01/30/2021, Ryushin Paul Haller, dharma talk at City Center.
The talk explores the interconnectedness of beings and the concept of mutuality within the context of significant cultural events, using Amanda Gorman's poetry recital at the 2021 U.S. presidential inauguration as a case study. It emphasizes the idea of individuality being shaped by a web of interconnected influences and the importance of acknowledging both positive and negative impacts from one's past, suggesting a continual process of personal alchemy as a core aspect of Zen practice.
- "The Hill We Climb" by Amanda Gorman: This poem, recited at the 2021 presidential inauguration, is highlighted as an embodiment of overcoming limitations and standing as an example of resilience, strength, and creativity.

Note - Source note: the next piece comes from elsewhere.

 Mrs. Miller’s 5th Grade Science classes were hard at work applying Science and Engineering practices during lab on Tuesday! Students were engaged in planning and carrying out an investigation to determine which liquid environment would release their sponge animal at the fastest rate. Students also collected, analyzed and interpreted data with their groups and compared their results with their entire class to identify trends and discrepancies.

- Seamus Heaney's Influence: Referenced in connection to President Joe Biden quoting his work, showcasing cultural and literary ties influencing significant public figures.

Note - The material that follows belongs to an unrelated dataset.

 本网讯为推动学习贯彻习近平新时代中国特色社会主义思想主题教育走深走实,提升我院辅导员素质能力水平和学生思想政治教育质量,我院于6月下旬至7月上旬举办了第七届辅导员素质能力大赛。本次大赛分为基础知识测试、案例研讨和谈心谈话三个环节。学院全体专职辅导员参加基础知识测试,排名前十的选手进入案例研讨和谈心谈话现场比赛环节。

- Martin Luther King's Notion of Interconnectedness: Cited to discuss the comprehensive web of mutuality and its implications on individual and collective existence.
- David Whyte's Poetry: Mentioned in relation to Zen practice, emphasizing the power of awareness and attention to life's intricacies.
- The Bodhisattva Vow: Discussed as an underlying guide for engaging with life's challenges, encouraging viewers to embody Zen principles of mindfulness and compassion.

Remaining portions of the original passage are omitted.